Maintenance and Monitoring Operations

Autopilot

Autopilot features allow for automatic, operator-friendly management of Consul servers. It includes cleanup of dead servers, monitoring the state of the Raft cluster, and stable server introduction.

To enable Autopilot features (with the exception of dead server cleanup), the raft_protocol setting in the Agent configuration must be set to 3 or higher on all servers. In Consul 0.8 this setting defaults to 2; in Consul 1.0 it will default to 3. For more information, see the Version Upgrade section on Raft Protocol versions.

In this guide we will learn more about Autopilot's features.

  • Dead server cleanup
  • Server Stabilization
  • Redundancy zone tags
  • Upgrade migration

Finally, we will review how to ensure Autopilot is healthy.

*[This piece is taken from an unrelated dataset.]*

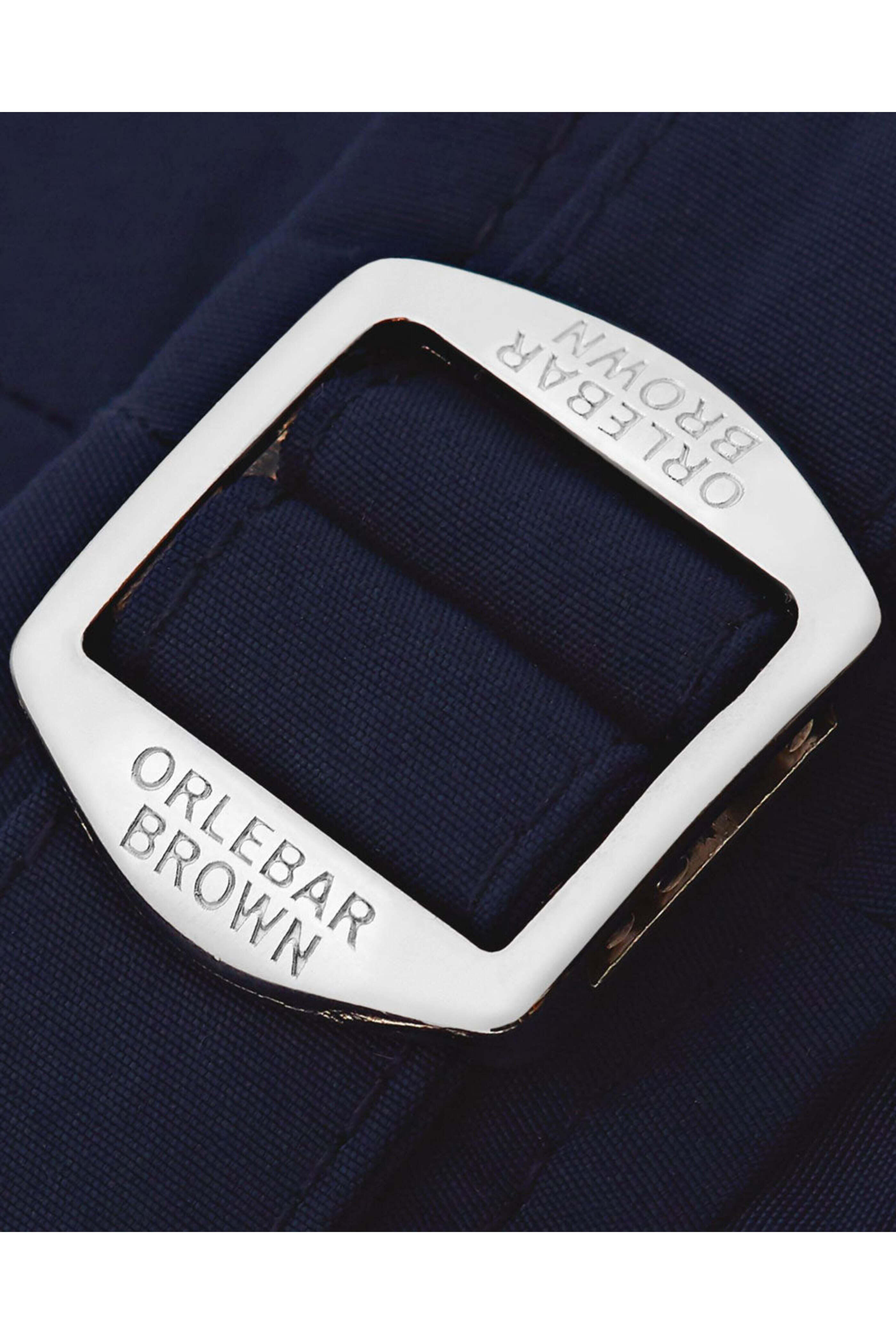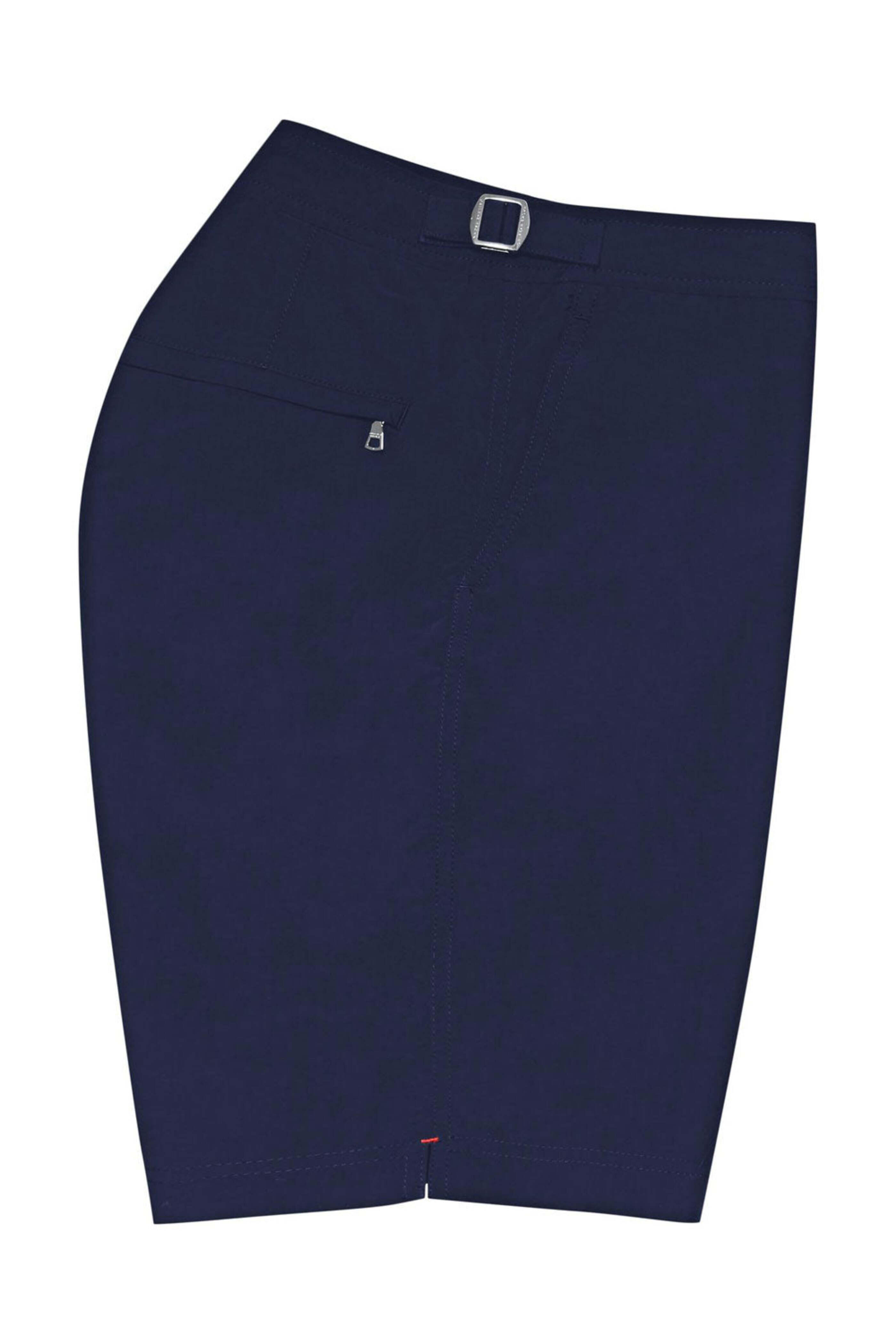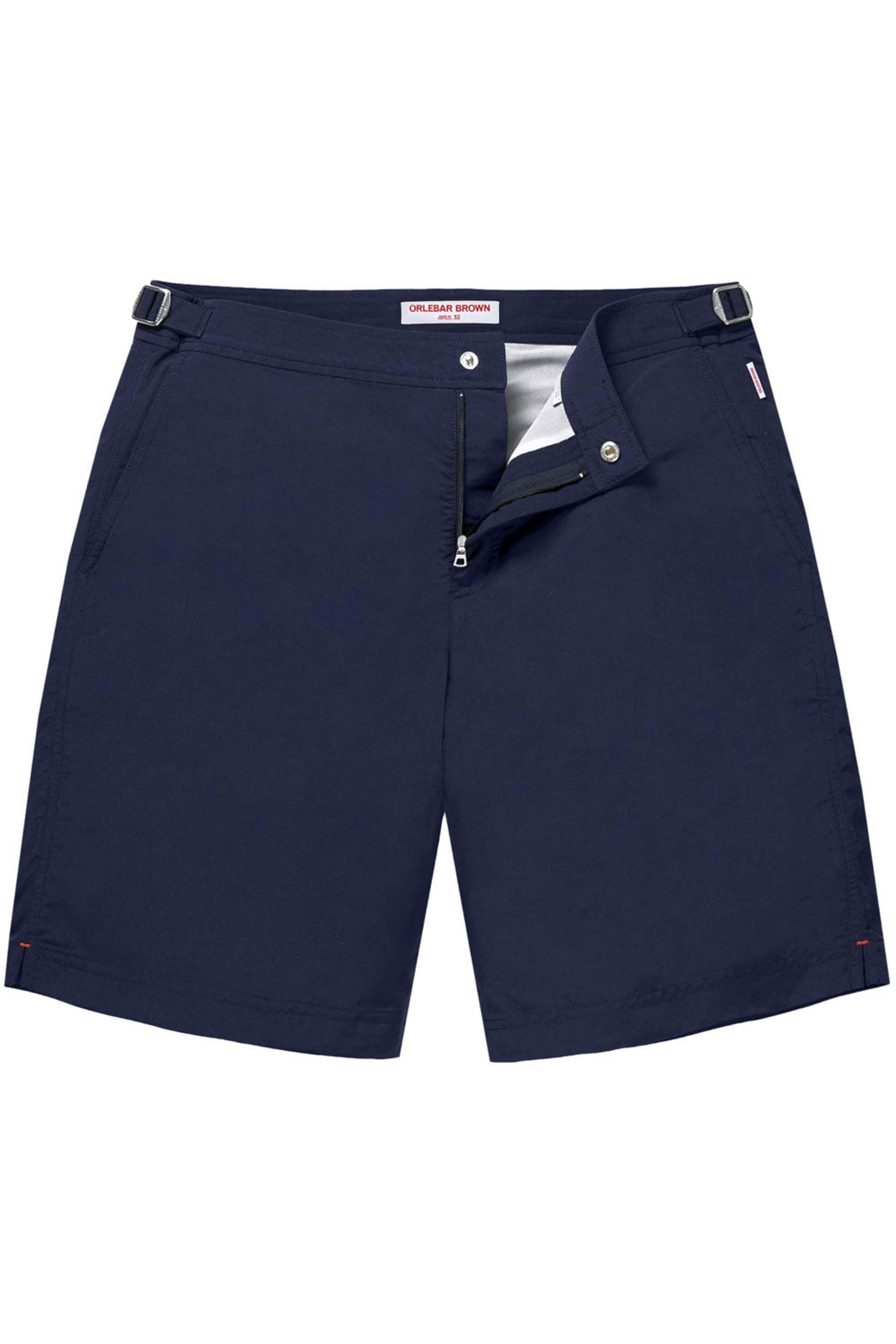 - Orlebar Brown Navy Dane II Swim Short Long-length swim short Shaped waistband Rear darts and adjustable side fasteners Net lining for extra comfort and security Zip fly Single snap button closure Angled waist pockets Back zip pocket 9 inseam 100% polyamide

Note, in this guide we are using examples from a Consul 1.4 cluster, we are starting with Autopilot enabled by default.

Default Configuration

The configuration of Autopilot is loaded by the leader from the agent's Autopilot settings when initially bootstrapping the cluster. Since Autopilot and it's features are already enabled, we only need to update the configuration to disable them. The following are the defaults.

{
    "cleanup_dead_servers": true,
    "last_contact_threshold": "200ms",
    "max_trailing_logs": 250,
    "server_stabilization_time": "10s",
    "redundancy_zone_tag": "",
    "disable_upgrade_migration": false,
    "upgrade_version_tag": ""
}

All Consul servers should have Autopilot and its features either enabled or disabled to ensure consistency across servers in case of a failure. Additionally, Autopilot must be enabled to use any of the features, but the features themselves can be configured independently. Meaning you can enable or disable any of the features separately, at any time.

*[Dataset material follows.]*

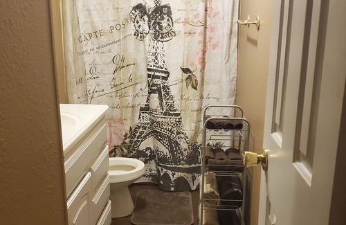 Spacious 3 bedroom, 2 bathroom with large master bedroom and ensuite with garden tub. Sleeps up to 8. Room for the entire family. Fully equipped kitchen. Private entrance, patio, washer, dryer and wireless internet. Walking distance to bar and grill. Short drive to shops and eateries including Walmart, Rue 21 and Cracker Barrel, Buffalo Wild Wings, Taco Bell and Arby's. Only a 10 minute drive to the main gate of Fort Leonard Wood.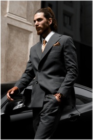 Sophisticated businessman in suit walking past a luxury sportscar in a city setting.

After bootstrapping, the configuration can be viewed or modified either via the operator autopilot subcommand or the /v1/operator/autopilot/configuration HTTP endpoint.

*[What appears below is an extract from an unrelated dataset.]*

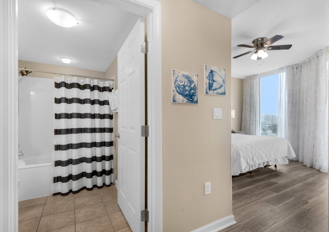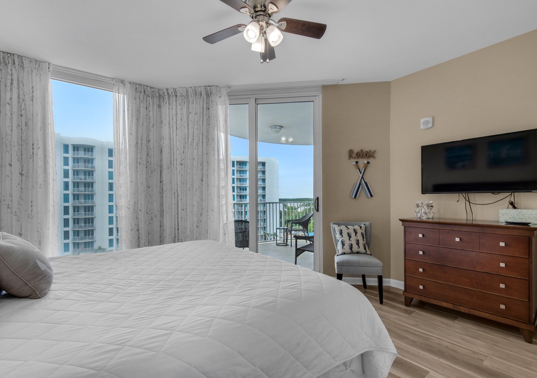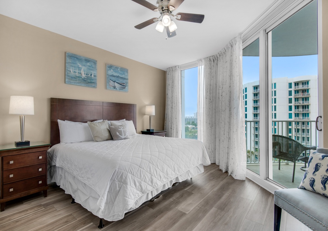 You'll never want to leave the Palms of Destin! Stay here for a true 'resort' experience. Palms Resort #1813 is a Junior 2BR/2BA, which is a 2 bedroom with a full-sized master plus a smaller bedroom, with two full bathrooms, one with a walk-in shower. The master has a king-sized bed and the second bedroom has a king bed and its own bathroom entry. With a queen pull out sofa bed in the living room, this lovely condo sleeps 6! Gorgeous furnishings, flat screen TV in the living area and your own washer and dryer complete this beautiful unit.

$ consul operator autopilot get-config
CleanupDeadServers = true
LastContactThreshold = 200ms
MaxTrailingLogs = 250
ServerStabilizationTime = 10s
RedundancyZoneTag = ""
DisableUpgradeMigration = false
UpgradeVersionTag = ""

In the example above, we used the operator autopilot get-config subcommand to check the autopilot configuration. You can see we still have all the defaults.

Dead Server Cleanup

If Autopilot is disabled, it will take 72 hours for dead servers to be automatically reaped or an operator had to script a consul force-leave. If another server failure occurred it could jeopardize the quorum, even if the failed Consul server had been automatically replaced. Autopilot helps prevent these kinds of outages by quickly removing failed servers as soon as a replacement Consul server comes online. When servers are removed by the cleanup process they will enter the "left" state.

With Autopilot's dead server cleanup enabled, dead servers will periodically be cleaned up and removed from the Raft peer set to prevent them from interfering with the quorum size and leader elections. The cleanup process will also be automatically triggered whenever a new server is successfully added to the cluster.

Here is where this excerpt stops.